## Directions for this task
Copy all records verbatim, images excluded.

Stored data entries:
• • • •

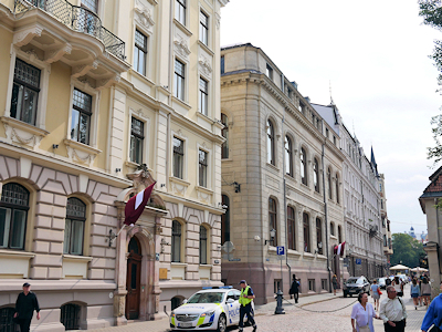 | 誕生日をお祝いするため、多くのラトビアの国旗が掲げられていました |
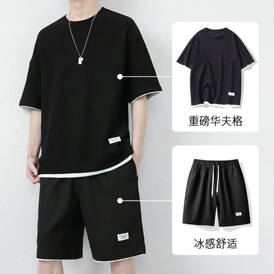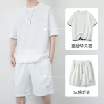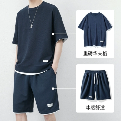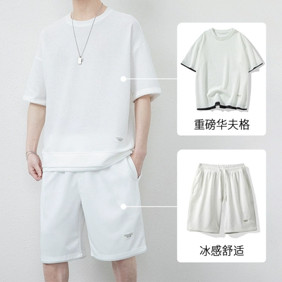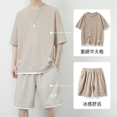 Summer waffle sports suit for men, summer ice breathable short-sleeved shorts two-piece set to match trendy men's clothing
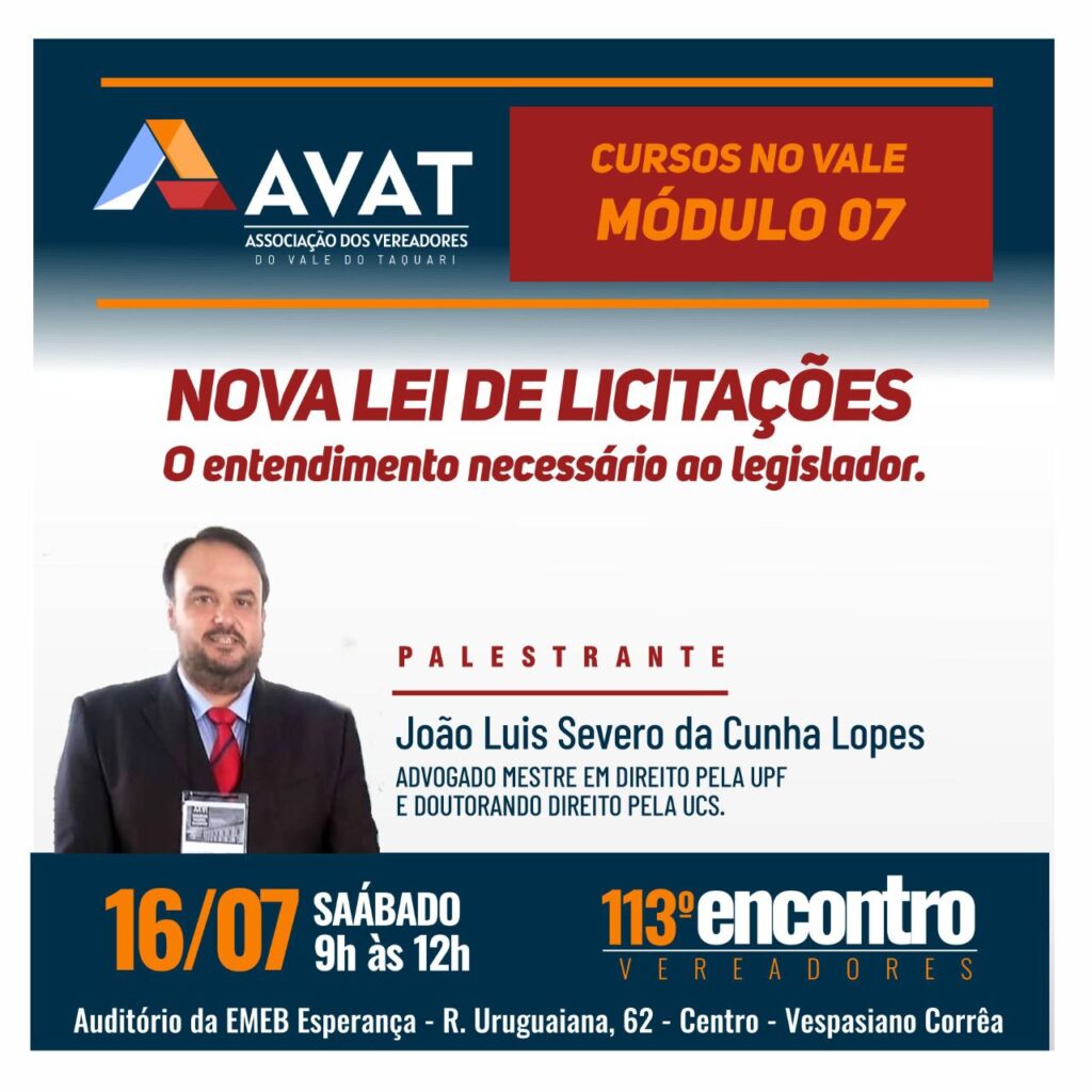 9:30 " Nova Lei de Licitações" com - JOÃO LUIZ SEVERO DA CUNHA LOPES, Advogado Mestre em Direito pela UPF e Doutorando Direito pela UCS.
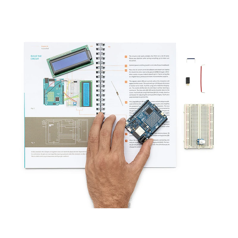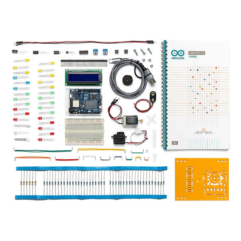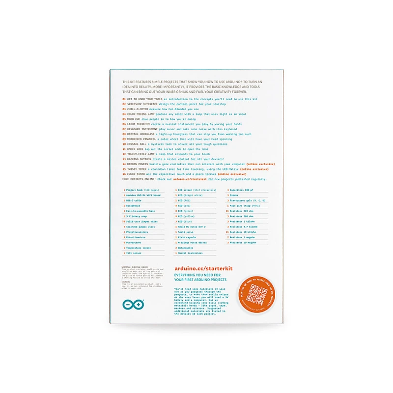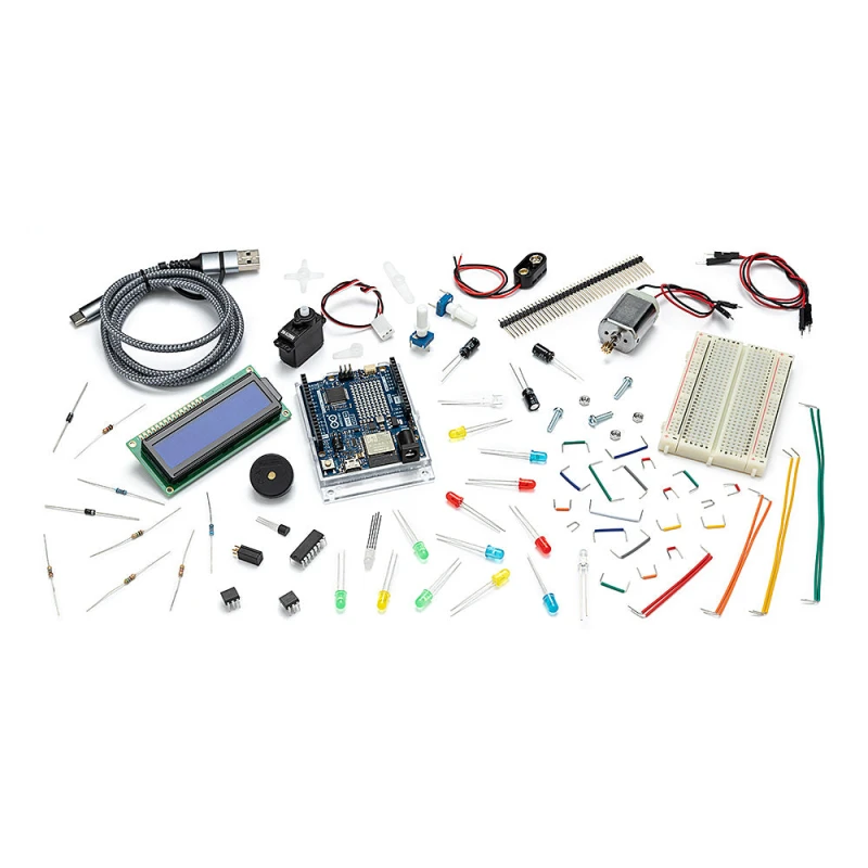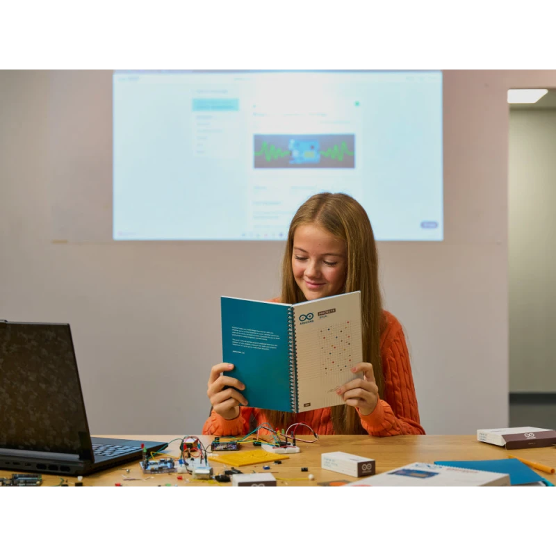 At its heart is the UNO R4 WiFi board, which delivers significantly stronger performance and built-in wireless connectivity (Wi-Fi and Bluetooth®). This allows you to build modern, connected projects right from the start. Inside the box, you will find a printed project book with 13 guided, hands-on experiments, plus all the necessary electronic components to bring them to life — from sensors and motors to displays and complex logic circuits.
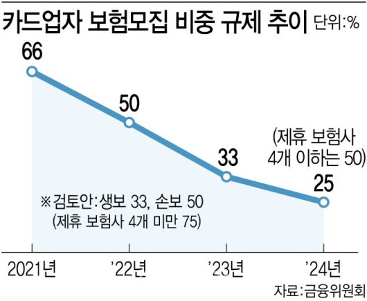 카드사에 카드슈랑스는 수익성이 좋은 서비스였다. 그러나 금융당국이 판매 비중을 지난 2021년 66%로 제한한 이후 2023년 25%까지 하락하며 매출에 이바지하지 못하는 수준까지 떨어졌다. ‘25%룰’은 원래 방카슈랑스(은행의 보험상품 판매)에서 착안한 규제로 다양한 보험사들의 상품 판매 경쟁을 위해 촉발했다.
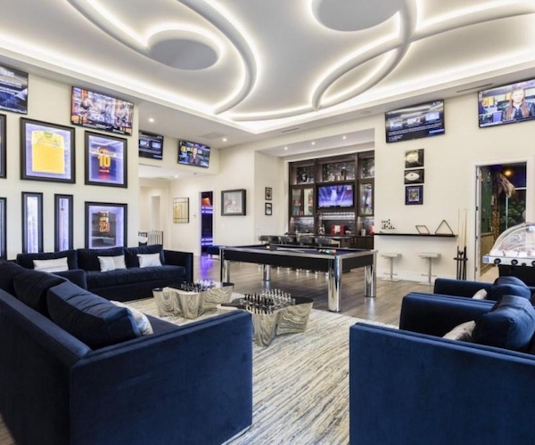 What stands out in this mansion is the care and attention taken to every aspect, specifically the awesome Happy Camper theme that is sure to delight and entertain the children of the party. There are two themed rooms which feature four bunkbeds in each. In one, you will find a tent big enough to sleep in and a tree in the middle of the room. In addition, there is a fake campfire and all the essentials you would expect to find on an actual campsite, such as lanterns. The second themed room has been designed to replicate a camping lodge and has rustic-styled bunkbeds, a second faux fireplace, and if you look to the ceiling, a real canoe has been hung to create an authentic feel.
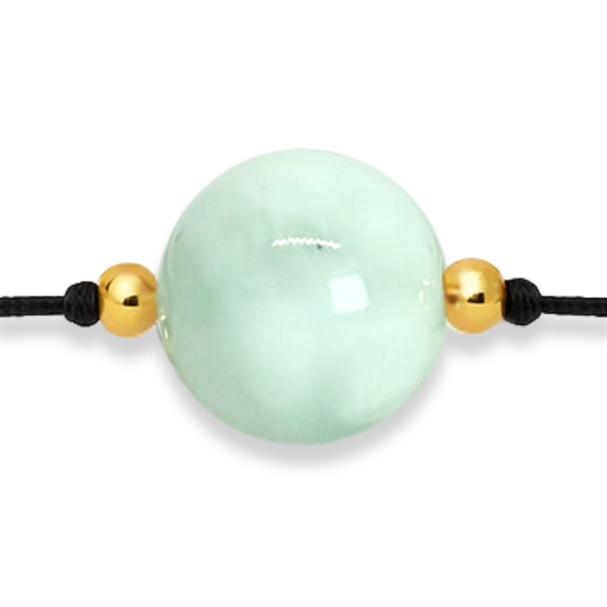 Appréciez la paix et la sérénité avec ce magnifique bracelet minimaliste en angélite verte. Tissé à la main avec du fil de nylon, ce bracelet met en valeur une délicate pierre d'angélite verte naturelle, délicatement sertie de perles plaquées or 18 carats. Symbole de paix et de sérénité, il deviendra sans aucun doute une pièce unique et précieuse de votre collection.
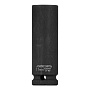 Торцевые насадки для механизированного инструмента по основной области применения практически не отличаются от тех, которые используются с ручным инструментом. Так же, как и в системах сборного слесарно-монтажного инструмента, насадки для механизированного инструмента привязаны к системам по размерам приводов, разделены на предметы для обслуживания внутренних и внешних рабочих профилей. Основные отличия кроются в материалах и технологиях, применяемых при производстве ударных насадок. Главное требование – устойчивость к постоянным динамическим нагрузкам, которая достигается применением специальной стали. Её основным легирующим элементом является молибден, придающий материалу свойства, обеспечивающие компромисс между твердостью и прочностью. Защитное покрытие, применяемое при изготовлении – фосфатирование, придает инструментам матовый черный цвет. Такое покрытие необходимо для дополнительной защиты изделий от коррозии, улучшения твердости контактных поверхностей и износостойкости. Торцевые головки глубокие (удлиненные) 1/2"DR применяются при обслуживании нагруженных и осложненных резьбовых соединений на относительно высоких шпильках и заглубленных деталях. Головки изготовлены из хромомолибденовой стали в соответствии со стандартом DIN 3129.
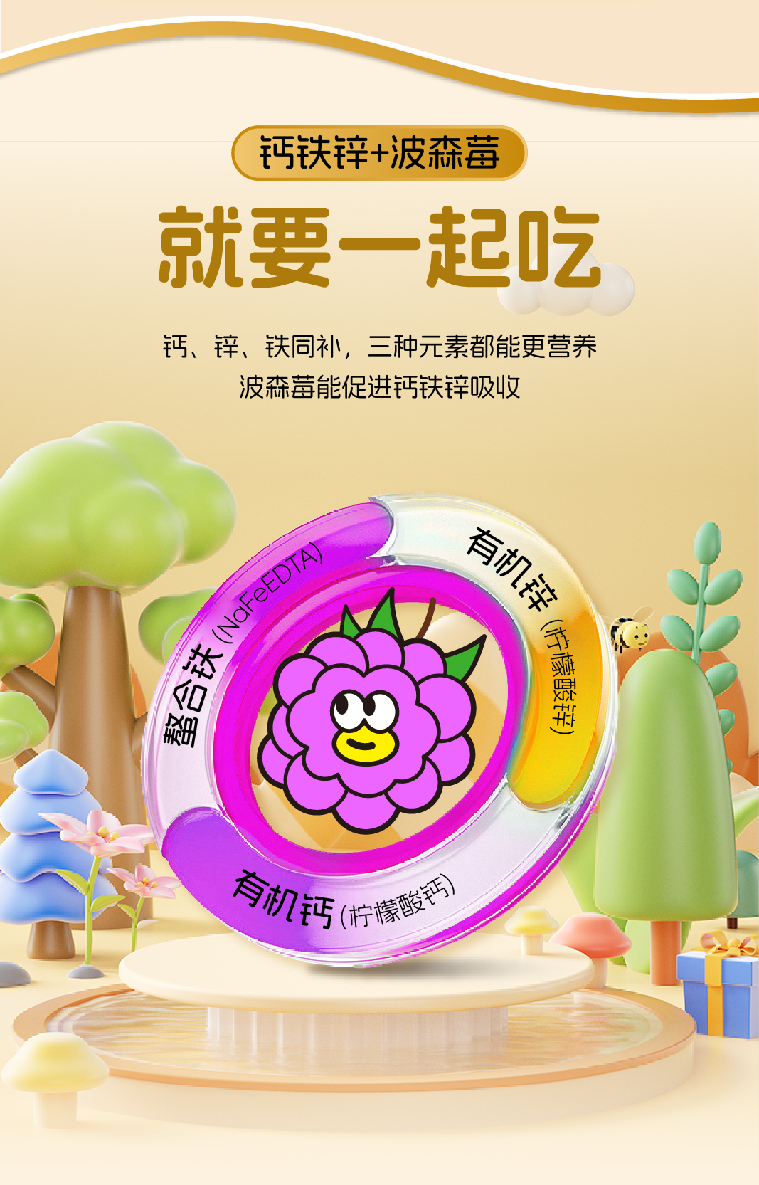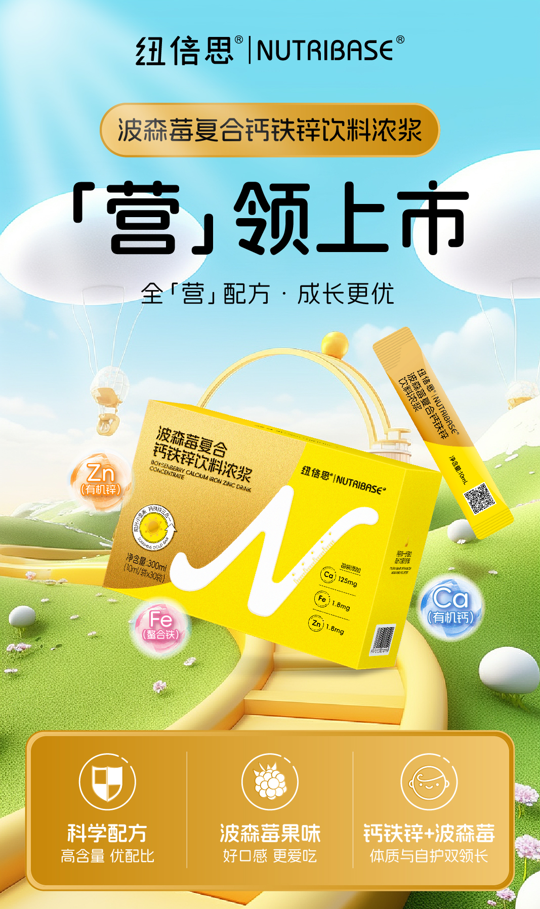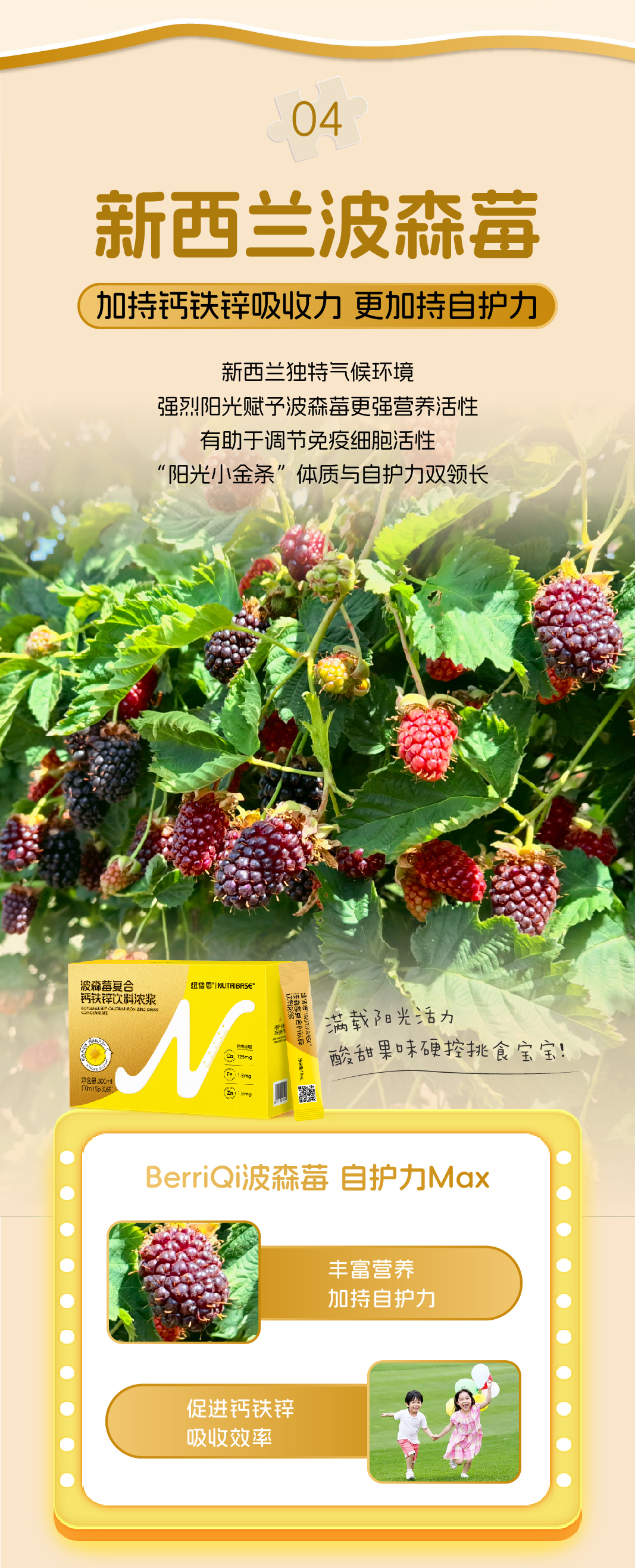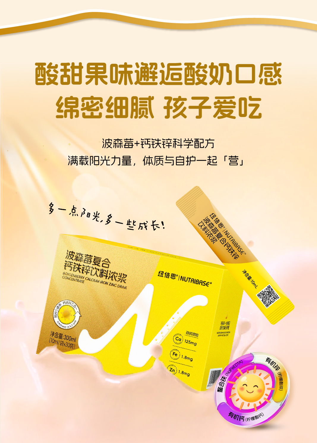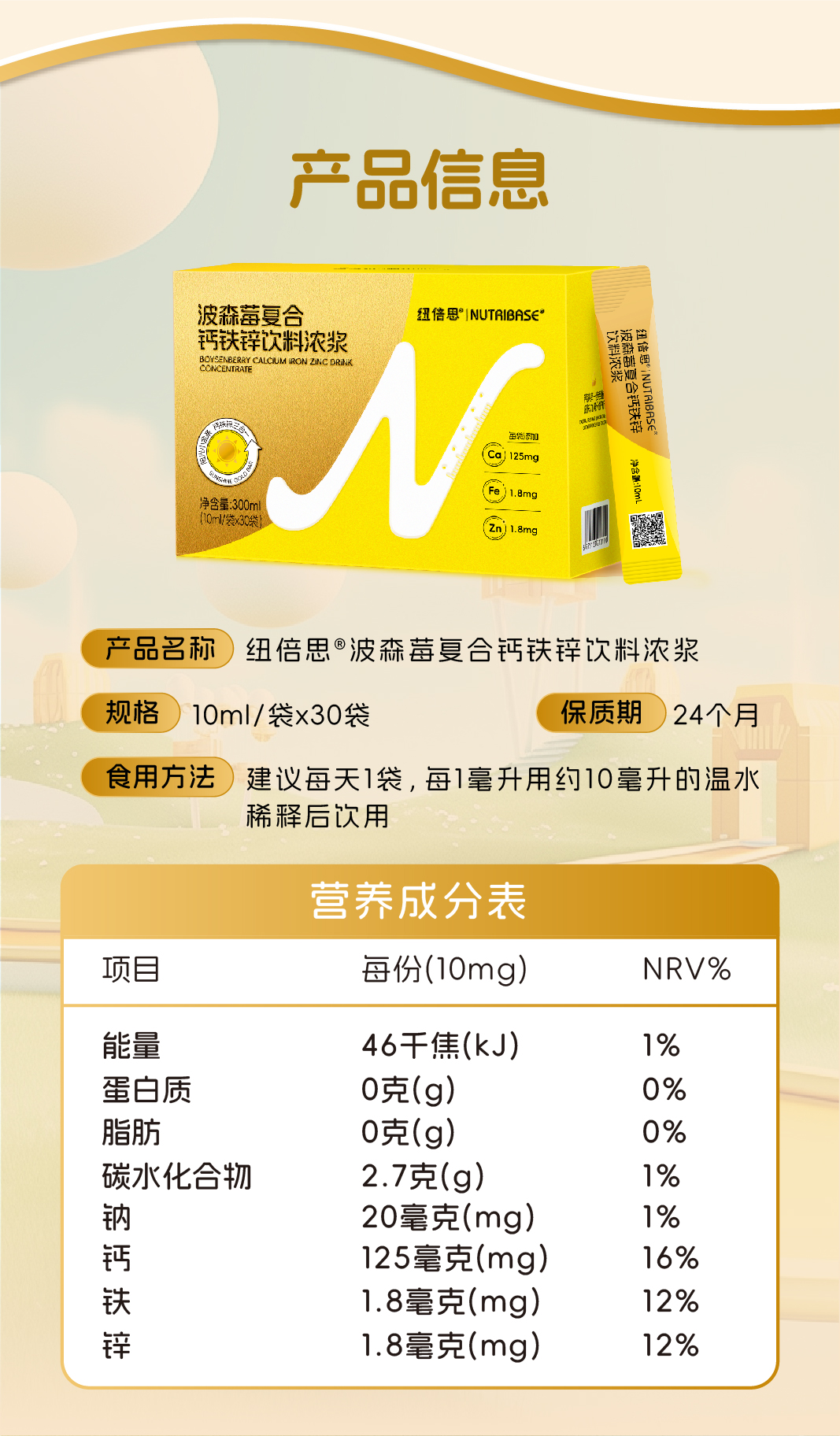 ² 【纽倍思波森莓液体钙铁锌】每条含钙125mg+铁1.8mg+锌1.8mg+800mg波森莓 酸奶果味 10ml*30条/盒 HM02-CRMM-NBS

• • • •

## Exercise output
 | 誕生日をお祝いするため、多くのラトビアの国旗が掲げられていました |
 Summer waffle sports suit for men, summer ice breathable short-sleeved shorts two-piece set to match trendy men's clothing
 9:30 " Nova Lei de Licitações" com - JOÃO LUIZ SEVERO DA CUNHA LOPES, Advogado Mestre em Direito pela UPF e Doutorando Direito pela UCS.
 At its heart is the UNO R4 WiFi board, which delivers significantly stronger performance and built-in wireless connectivity (Wi-Fi and Bluetooth®). This allows you to build modern, connected projects right from the start. Inside the box, you will find a printed project book with 13 guided, hands-on experiments, plus all the necessary electronic components to bring them to life — from sensors and motors to displays and complex logic circuits.
 카드사에 카드슈랑스는 수익성이 좋은 서비스였다. 그러나 금융당국이 판매 비중을 지난 2021년 66%로 제한한 이후 2023년 25%까지 하락하며 매출에 이바지하지 못하는 수준까지 떨어졌다. ‘25%룰’은 원래 방카슈랑스(은행의 보험상품 판매)에서 착안한 규제로 다양한 보험사들의 상품 판매 경쟁을 위해 촉발했다.
 What stands out in this mansion is the care and attention taken to every aspect, specifically the awesome Happy Camper theme that is sure to delight and entertain the children of the party. There are two themed rooms which feature four bunkbeds in each. In one, you will find a tent big enough to sleep in and a tree in the middle of the room. In addition, there is a fake campfire and all the essentials you would expect to find on an actual campsite, such as lanterns. The second themed room has been designed to replicate a camping lodge and has rustic-styled bunkbeds, a second faux fireplace, and if you look to the ceiling, a real canoe has been hung to create an authentic feel.
 Appréciez la paix et la sérénité avec ce magnifique bracelet minimaliste en angélite verte. Tissé à la main avec du fil de nylon, ce bracelet met en valeur une délicate pierre d'angélite verte naturelle, délicatement sertie de perles plaquées or 18 carats. Symbole de paix et de sérénité, il deviendra sans aucun doute une pièce unique et précieuse de votre collection.
 Торцевые насадки для механизированного инструмента по основной области применения практически не отличаются от тех, которые используются с ручным инструментом. Так же, как и в системах сборного слесарно-монтажного инструмента, насадки для механизированного инструмента привязаны к системам по размерам приводов, разделены на предметы для обслуживания внутренних и внешних рабочих профилей. Основные отличия кроются в материалах и технологиях, применяемых при производстве ударных насадок. Главное требование – устойчивость к постоянным динамическим нагрузкам, которая достигается применением специальной стали. Её основным легирующим элементом является молибден, придающий материалу свойства, обеспечивающие компромисс между твердостью и прочностью. Защитное покрытие, применяемое при изготовлении – фосфатирование, придает инструментам матовый черный цвет. Такое покрытие необходимо для дополнительной защиты изделий от коррозии, улучшения твердости контактных поверхностей и износостойкости. Торцевые головки глубокие (удлиненные) 1/2"DR применяются при обслуживании нагруженных и осложненных резьбовых соединений на относительно высоких шпильках и заглубленных деталях. Головки изготовлены из хромомолибденовой стали в соответствии со стандартом DIN 3129.
 ² 【纽倍思波森莓液体钙铁锌】每条含钙125mg+铁1.8mg+锌1.8mg+800mg波森莓 酸奶果味 10ml*30条/盒 HM02-CRMM-NBS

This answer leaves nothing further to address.